AQL and the ath10k is lovely

dtaht · June 16, 2020, 5:16am

Partially because that test measures the wrong thing. That is because "rrul" testing the performance of 3 of 4 hardware queues which are filling up occupying airtime independently. A better comparison test for 5ms vs 10ms target is the rrul_be test, or the tcp_nup test I just mentioned above.

This thread has got really long, and I so appreciate everyone leaping on it. Somewhere in the past part of this thread we talked about how using packets, rather than bytes, in the high and low watermarks was probably a source of weirdness. A way to test this is for someone to try the regular -ct code, not the smallbuffers version, on the lower target. @tohojo who has his fingers in too many pies and doesn't even have this chip seemed to have some insight on that.

elsewhere (not on this thread, I think) I talked about how unbounded retries were messing wifi up in the case of interference. The only way know how to look at this is with aircaps.

and over here I talked about how testing for only a minute bit me badly: http://blog.cerowrt.org/post/disabling_channel_scans/ so -l 300 on a given test, and taking a long walk might help...
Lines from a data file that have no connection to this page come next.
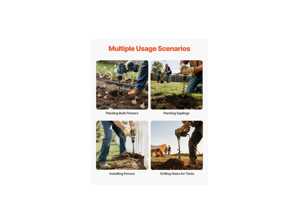 vrták s vrtákem pro sázení, spirálový vrták 40 x 220 mm, pro vrtačky s šestihranným pohonem 3/8", nástroj pro vysoce odolné cibulové sázecí stroje, nástavce pro vrtání otvorů pro zahradní sloupky a plotÚspora času a snadné sázení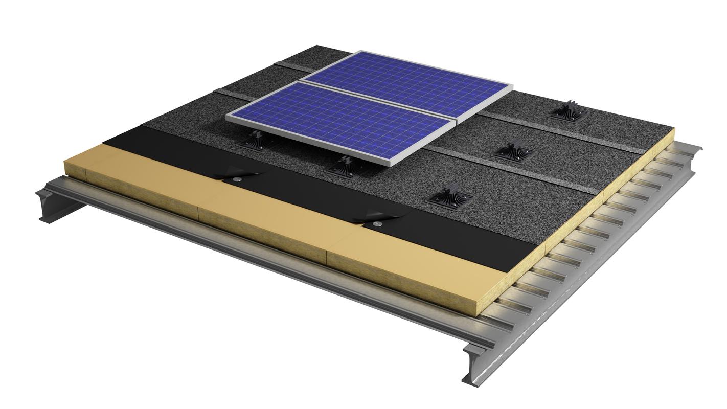 The photovoltaic solution for flat roofs with neither penetration, nor ballast.
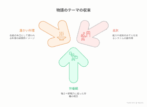 「追放」は能力や成果のみで人を測るシステムの副作用として描かれます。食堂はそのシステムからこぼれ落ちた人のセーフティネット。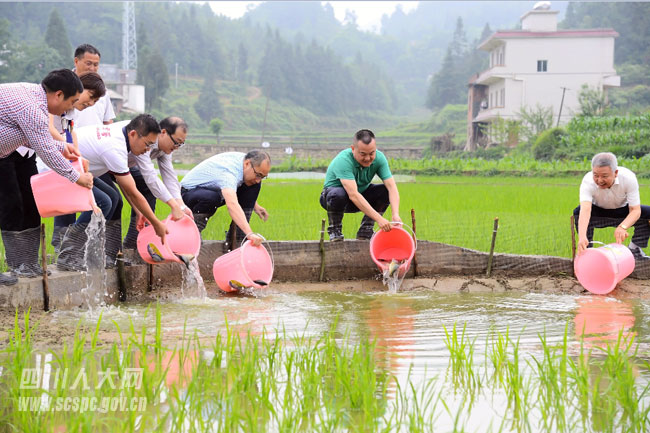 2018年6月,刘淼与古蔺县、龙山镇领导一起在向田村的高山水稻田投放鱼苗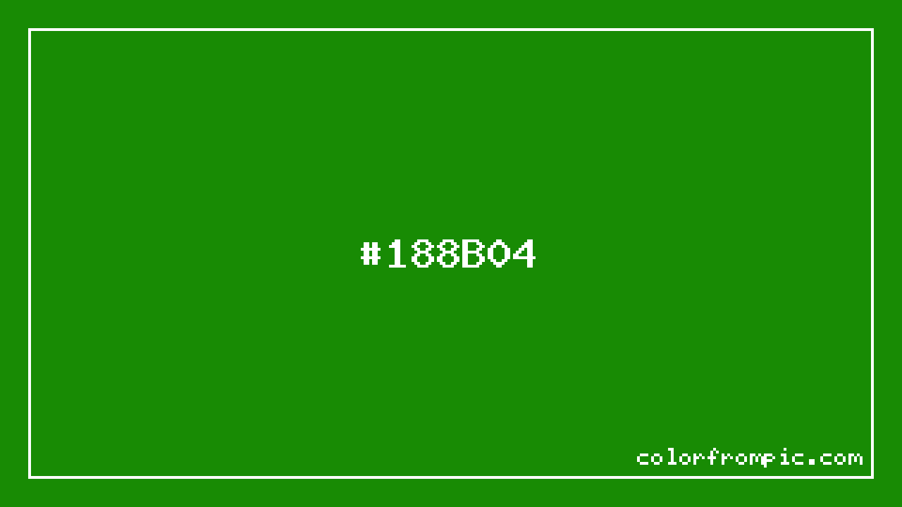The hexadecimal color code #188B04 represents a dark shade in the green family. In the RGB color model, this color is composed of 24 red, 139 green, and 4 blue, which translates to approximately 9% red, 55% green, and 2% blue. This makes it a highly saturated color with cool undertones that can evoke different emotional responses depending on its application.
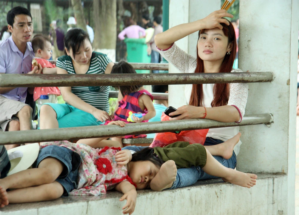 Khi trưa đến, nhiều người tranh thủ cho con mình ăn, ngủ tại công viên.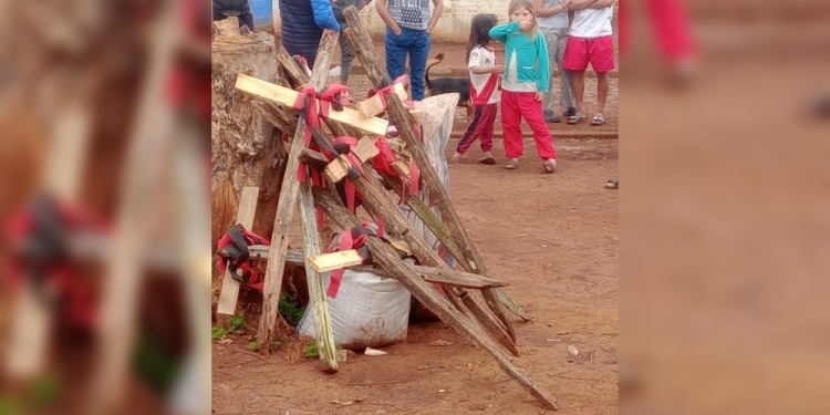 No conforme con esto, el sábado y domingo pasado los guaraníes encontraron en la chacra cruces de madera con paños rojos y negros, “en algunos lugares estaban estas cruces de madera, unas diez, y en los trillos que usamos para ir al monte pusieron otras cruces hechas con sal sobre el suelo… no sabemos si los que hicieron eso creen en hechicerías o buscan asustarnos, pero claro que las familias están viviendo con temor por todo lo que está pasando”, contó Benítez.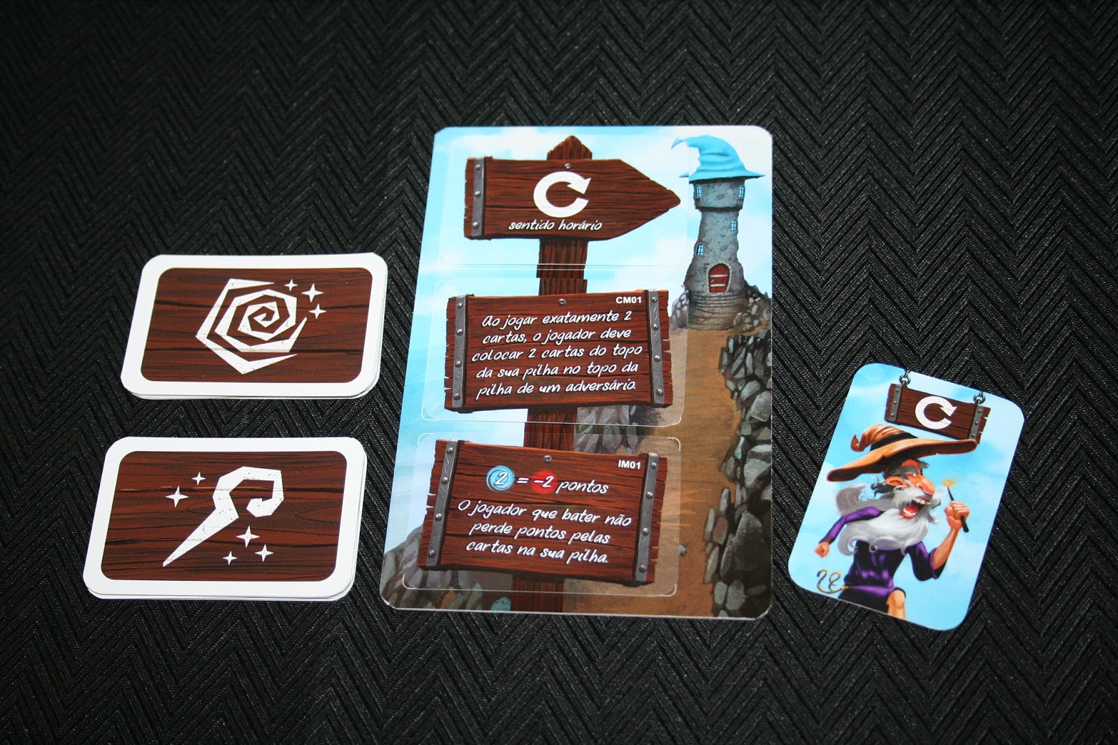 Além das cartas numeradas de 1 a 13, o jogo também conta com três cartas especiais. O curinga pode ser jogado possuindo um valor entre 1 e 13 à escolha do jogador, é uma boa forma de conseguir números mais altos. Não há limite para a quantidade de cartas desse tipo que podem ser jogadas. A carta de pular a vez funciona tipo aquela brincadeira da batata quente, é bom segurar para usar na hora em que a mesa está bem cheia e os números altos. A última carta é a que permite além de pular inverter o sentido da mesa. Também é uma carta para guarda para os números altos, mas com o adicional que é maravilhosa quando o jogador anterior sobe muito o valor para te derrubar.

so far, to me, the net sum of testing was that 10ms seemed a safe default for the -ct-smallbuffers version, and worse case we should try to push that into the next mainline release. Actually getting
something even better and more consistent than that would be great. I did just get a new
x86_64 box that I can start putting custom kernels on.
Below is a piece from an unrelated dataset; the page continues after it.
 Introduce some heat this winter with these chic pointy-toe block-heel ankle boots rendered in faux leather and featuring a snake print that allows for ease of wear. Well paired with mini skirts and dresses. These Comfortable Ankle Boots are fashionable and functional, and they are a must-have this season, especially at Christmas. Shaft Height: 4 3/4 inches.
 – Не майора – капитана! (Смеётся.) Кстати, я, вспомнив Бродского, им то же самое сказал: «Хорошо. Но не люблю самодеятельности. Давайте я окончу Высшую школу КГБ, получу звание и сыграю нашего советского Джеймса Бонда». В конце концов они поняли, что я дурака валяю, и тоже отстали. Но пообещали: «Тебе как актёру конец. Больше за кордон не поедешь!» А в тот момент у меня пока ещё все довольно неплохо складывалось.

dtaht · June 16, 2020, 5:19am

my take on aql was that it needed to be an algorithm, not a constant.

dtaht · June 16, 2020, 5:26am

In terms of trying to explain how we might think about the interactions between aql, napi, hi/low watermarks, bql, etc, I kind of find it useful to refer to this paper:

https://sci-hub.tw/10.1016/j.comnet.2020.107136

In that the pie folk finally realized that draining the rx ring and filling the tx ring in a real OS as opposed to a simulation... was a bulk operation, NOT a fluid model, and it broke pie's default rate estimator. They switched pie to timestamps which sort of fixed the problem (codel has always used timestamps, and while we always knew pie's rate estimator was broken...) AND did a really nice analysis of BQL and interrupt handling for two different ethernet cards.

If you can grok that...

Ath10k is even more complicated than that. I so wish we had access to firmware.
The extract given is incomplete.